Faculty of Engineering and Natural Sciences
A quantum mechanical concept for controlling radiation damage
in biological electron microscopy
Institute of Physics, University of Zurich
The most successful methods of structural biology are at present X-ray crystallography and NMR spectroscopy. Electron microscopy, with its unique advantages, is expected to play an increasingly significant role in the future. However, the major problem of biological electron microscopy is its poor resolution due to severe radiation damage. This is because a large number of electrons normally needed to ensure good statistics, in other words good signal to noise ratio, would inevitably destroy the fragile biological specimens.
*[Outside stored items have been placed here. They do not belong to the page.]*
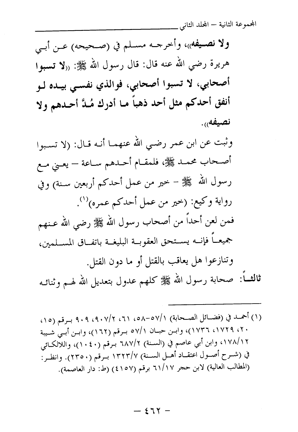 (¬2) صحيح البخاري المناقب (3673) ، سنن الترمذي المناقب (3861) ، سنن أبي داود السنة (4658) ، سنن ابن ماجه المقدمة (161) ، مسند أحمد (3/64) .
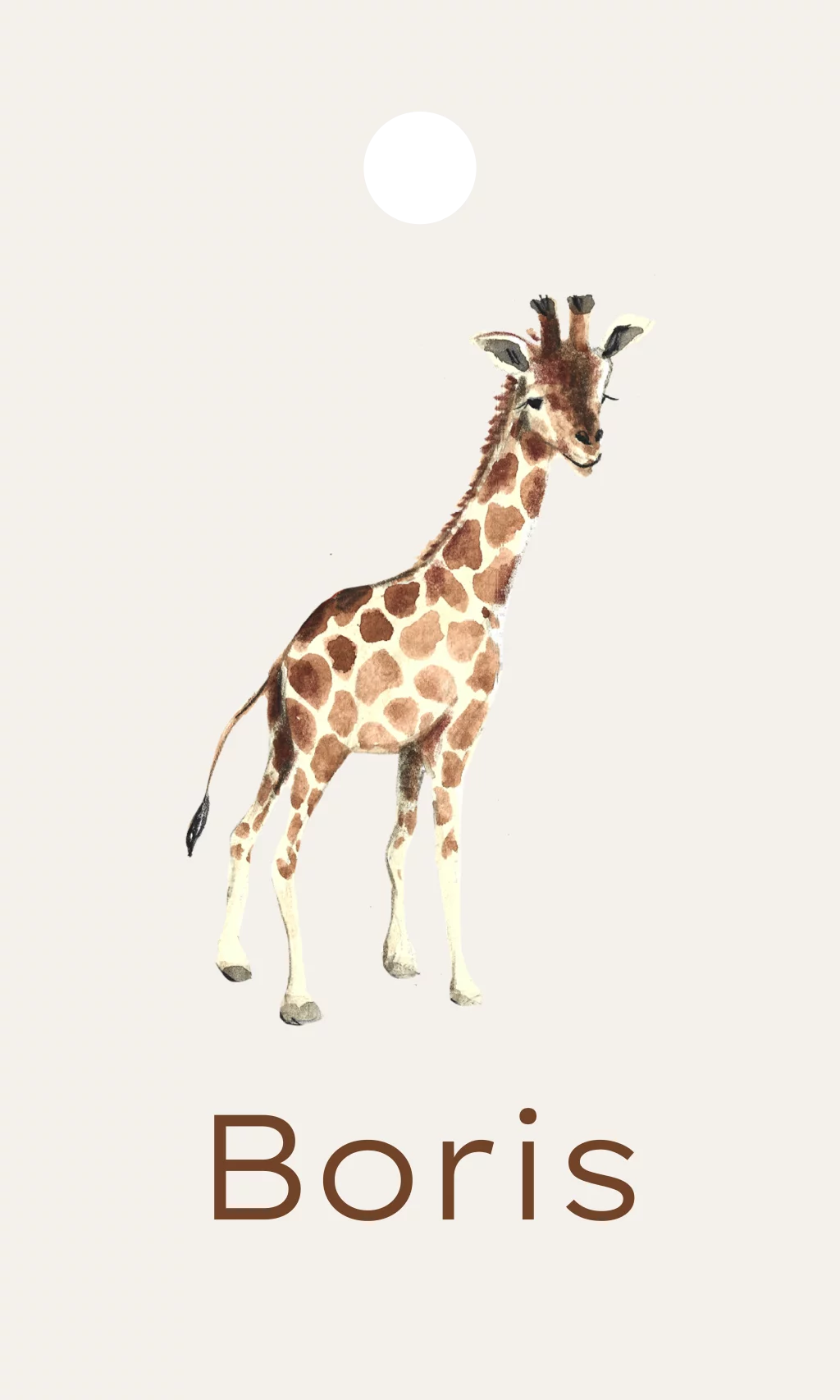Ontwerp zelf leuke jungle labels om aan je doopsuiker te hangen. Dit label heeft een illustraties van een giraffe, past leuk bij een jungle kaartje. Je hoeft er alleen nog maar een touwtje doorheen te doen en aan je doopsuiker te hangen.
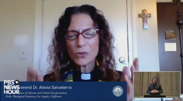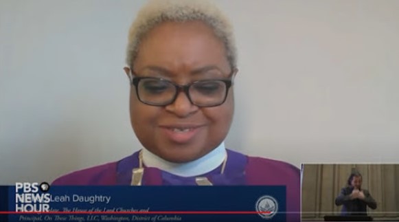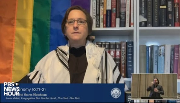 Αμέσως μετά, εμφανίστηκε μπροστά από μια μεγάλη σημαία ουράνιου τόξου, η λεσβία Ραβίνος Sharon Kleinbaum η οποία μοιράστηκε μια ανάγνωση από το Δευτερονόμιο, συμπεριλαμβανομένου ενός αποσπάσματος που αναφέρεται στους Ισραηλίτες που καλωσορίζουν τους ξένους. Μια δεύτερη γυναίκα ραβίνος, η Sharon Brous, είπε ότι «εν μέσω της πανδημίας, στη σκιά της βίαιης εξέγερσης, υψώνουμε την αρχαία εβραϊκή υπόσχεση ότι μετά από τη μακρά νύχτα της ταλαιπωρίας, θα έρθει μια λυτρωτική αυγή» πριν προσθέσει ότι «βρισκόμαστε τώρα στο σημείο καμπής μεταξύ αυτής της δακρυσμένης νύχτας και της χαρούμενης νέας ημέρας».
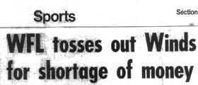 The Chicago Tribune announces the death of the Chicago Winds Winds General Manager Leo Cahill gathered the Winds players together at their Des Plaines office on Tuesday morning to let them know of the WFL's decision. Formal notice that the franchise had been revoked had come from WFL commissioner Chris Hemmeter in New York. Hemmeter said the WFL governors voted to oust the Winds at a lengthy meeting after two investors withdrew their backing. Hemmeter said the move left the Winds below the capitalization limits under the so-called "Hemmeter Plan", a stringent financial setup. "The revocation of the Chicago franchise is an example of the true strength of the Hemmeter Plan in action," said the commissioner. "The plan does not allow any team, irrespective of the size of its market, to vary from the precepts agreed to by all members." Many of the Winds players were dispersed throughout the WFL in a draft, with priority going to the Portland Thunder and the Philadelphia Bell. Winds fullback Mark Kellar, who kept muttering, "I thought this season would be different, really I did." was drafted by the San Antonio Wings. Quarterback Pete Beathard and ALL-Pro wide receiver John Gilliam were both selected by the Philadelphia Bell. Gilliam, the WFL's leading receiver, was not bound to move to another WFL team. He was given an extra $25,000 to allow his contract to be assigned to Chicago from Hawaii. Winds played mulled around the offices at Des Plaines, trying to contact their new teams, or phoning home, before Cahill told them he would advise them what to do the next day. Cahill pledged to find new investors for the team before leaving for Canada. Winds coach Abe Gibron was more stunned. He learned of the league's decision from the equipment man, and then left for his hometown of Michigan City, Indiana. Chicago's problem was in its basic internal structure, according to Hemmeter. Because of continuing difficulties surrounding partnership arrangements, two investors pulled out. When Pullano petitioned the WFL for more time to locate new funding, the WFL refused and voted 10-1 (with only the Winds in the minority) to disband the franchise. The WFL had its first victim of the '75 season. Dispersal Draft: Birmingham Vulcans: LB Van DeCree, WR Tim Gillespie, DT Mark Ilgrenfritz, DB Richard Marks. Charlotte Hornets: C Mike Botts, DB Harry Howard, RB Matthew Williams Hawaiians: TE Don Burchfield, RB David Gagnon, P/K Earl Sark Jacksonville Express: OT Tom Forrest, TE Fred Pagac, DB Bill West, DB Russell Williams Philadelphia Bell: QB Pete Beathard, WR John Gilliam, OT Steve Kinney, RB Cyril Pinder, LB Tom Roussel, DT Ken Sanduk, LB Clyde Simonton, LB David Smith, OG Mike Wilson Memphis Southmen: LB Rich Griffith, LB Larry Shorty San Antonio Wings: WR Margene Atkins, DE Chuck Bailey, DE Larry Jameson, RB Mark Kellar, DT Bill Line, DB Hal Phillips Shreveport Steamer: DE Alan Aldrich, DT Ron Curl, C Guy Murdock, DB Charlie Reamon, DB Walter Rhone Southern California Sun: OG Mike Hoban, OT Al Jenkins, LB Chuck Kogut

In this talk I will describe a possible way out for this seemingly intractable problem . Furthermore, I will show that, on both experimental and theoretical grounds, our scheme based on micro-fabricated diffractive electron optics is feasible with currently available technologies. To stretch a point slightly, it may be said that the main idea is to image the entire specimen by one electron, to minimize radiation damage.
 H. Okamoto, T. Latychevskaia and H.-W. Fink, “A quantum mechanical scheme to reduce radiation damage in electron microscopy”, Appl. Phys. Lett., in press.
Dr. Okamoto earned his Ph. D in applied physics at the Tokyo Institute of Technology in Japan for his study on the properties of superconducting single electron transistors. Since then, his research activities and interests have spanned several areas such as low temperature physics, surface science, and most recently, bio-physics.